Weinand, Kathryn, Saori Sakaue, Aparna Nathan, Anna Helena Jonsson, Fan Zhang, Gerald F M Watts, Majd Al Suqri, et al. (2024) 2024. “The Chromatin Landscape of Pathogenic Transcriptional Cell States in Rheumatoid Arthritis.”. Nature Communications 15 (1): 4650. https://doi.org/10.1038/s41467-024-48620-7.

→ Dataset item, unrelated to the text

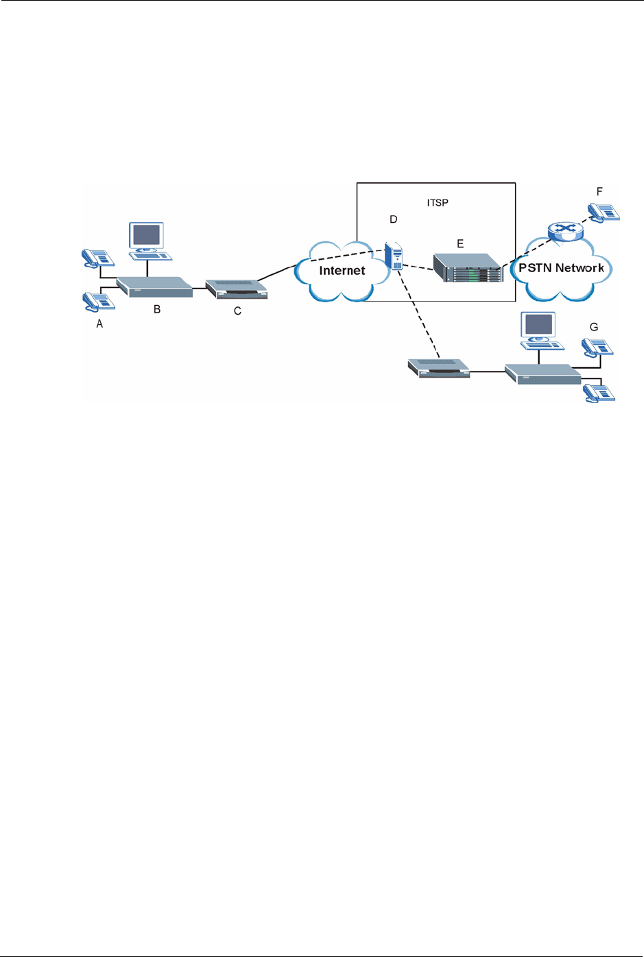 VoIP. The Prestige then sends your call through your modem or router (C) to the Internet and

Synovial tissue inflammation is a hallmark of rheumatoid arthritis (RA). Recent work has identified prominent pathogenic cell states in inflamed RA synovial tissue, such as T peripheral helper cells; however, the epigenetic regulation of these states has yet to be defined. Here, we examine genome-wide open chromatin at single-cell resolution in 30 synovial tissue samples, including 12 samples with transcriptional data in multimodal experiments. We identify 24 chromatin classes and predict their associated transcription factors, including a CD8 + GZMK+ class associated with EOMES and a lining fibroblast class associated with AP-1. By integrating with an RA tissue transcriptional atlas, we propose that these chromatin classes represent 'superstates' corresponding to multiple transcriptional cell states. Finally, we demonstrate the utility of this RA tissue chromatin atlas through the associations between disease phenotypes and chromatin class abundance, as well as the nomination of classes mediating the effects of putatively causal RA genetic variants.